Joven pero capaz soldado, miembro de los Ingenieros del Vacío y la División Fronteriza Terrestre, quien en el pasado habría sido parte del cuerpo de ingenieras de la armada, despertando durante una casi fatídica oportunidad en que falló al desarmar una mina. La explosión no la mató, pero sí de vez en cuando reaparece aquel “pitido post-explosión” en su vida, en momentos de estrés, riesgo o al despertar de pesadillas (es su genio).
Matos es antes una soldado y luego una persona; antes un miembro de la División Fronteriza y luego una persona con sus propias opiniones y pensamientos respecto a cualquier tema. Pues tras su despertar, la iluminación del uso de las nuevas técnicas y métodos científicos que se le habrían delante, la volvieron un agente encantada con probar estas habilidades en el campo. Desde entonces ha aprendido a manejar armas, vehículos y, en general, se ha vuelto una líder de cuerpos de choque para algunas misiones de los Ingenieros del Vacío en la región.

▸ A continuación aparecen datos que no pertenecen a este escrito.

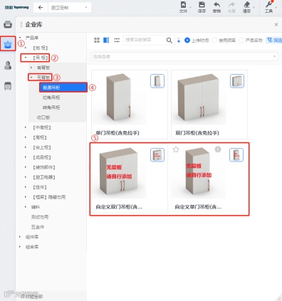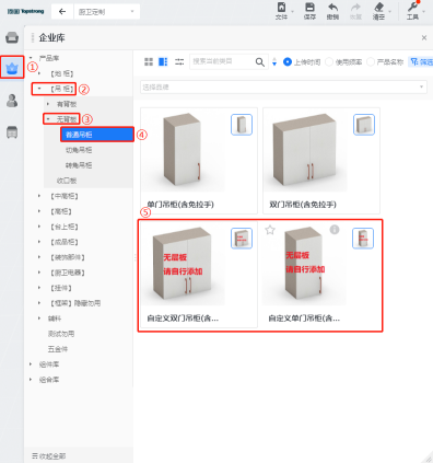 厨卫定制—企业库—产品库-吊柜-无背板-普通吊柜-自定义双面吊柜(含免拉)/自定义单门面吊柜(含免拉)

Pero pese a todo lo anterior, Laura sigue siendo una mujer joven, un nuevo miembro dentro de la unión y aún con la mentoría del Comandante Orión, sigue siendo una persona relativamente impulsiva y de gatillo fácil.
Su avatar, el “pitido” tras el caos, intenta enseñarle a detenerse y pensar más, evaluar las consecuencias de sus acciones antes de realizarlas e intenta transformarla en una persona más sensata de lo que hasta ahora ha sido.
Más allá de lo anterior, su efectividad en combate la ha transformado en una (potencial) líder para misiones de alto riesgo, es por ello que suele contar con la ayuda de otros ciudadanos extraordinarios miembros de la unión sin demasiado problema (refuerzos) y vestir armaduras avanzadas capaces de proteger su identidad con moduladores de voz, entre otras cosas (requerimientos).